◆ **WORK INSTRUCTION**: Transcribe the listing verbatim, please, with images dropped.

◆ **INFORMATION PROVIDED**:

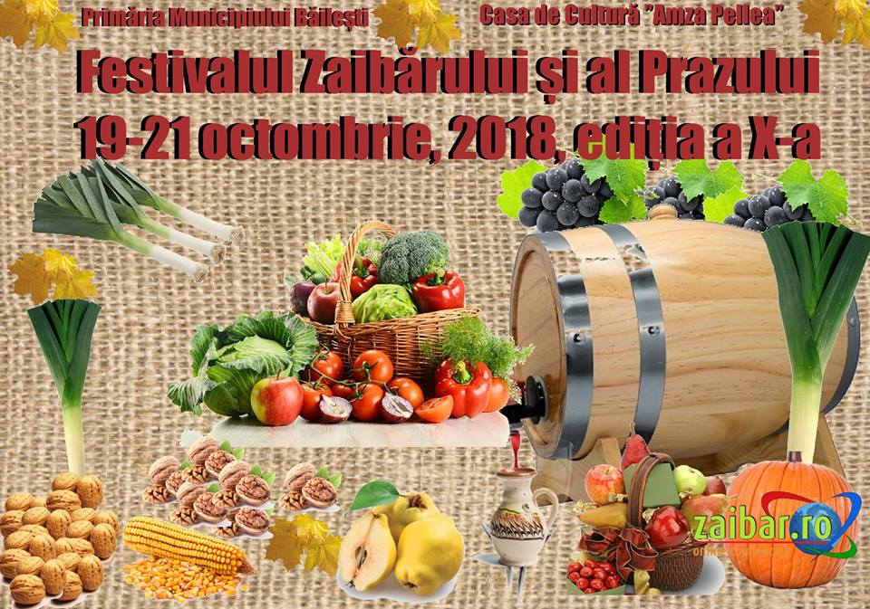 Primăria Municipiului Băilești, Consiliul Local Băilești și Casa de Cultură „Amza Pellea” organizează  ediția a X-a a Festivalului Zaibărului și al Prazului.
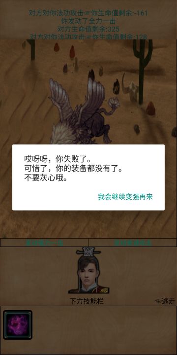 战斗的时候注意不要轻易死亡,会掉装备和仙力 和玉玺金币。
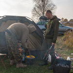 Під вечір почало холодати, прилетіло пару десятків лебедів. То тут, то там скидувалась риба, але зовсім не клювала. Охоронці при нас закопали п'ятикілограмового щупака, який мабуть не переніс чийогось виважування.

◆ **ANSWER SECTION**:
 Primăria Municipiului Băilești, Consiliul Local Băilești și Casa de Cultură „Amza Pellea” organizează  ediția a X-a a Festivalului Zaibărului și al Prazului.
 战斗的时候注意不要轻易死亡,会掉装备和仙力 和玉玺金币。
 Під вечір почало холодати, прилетіло пару десятків лебедів. То тут, то там скидувалась риба, але зовсім не клювала. Охоронці при нас закопали п'ятикілограмового щупака, який мабуть не переніс чийогось виважування.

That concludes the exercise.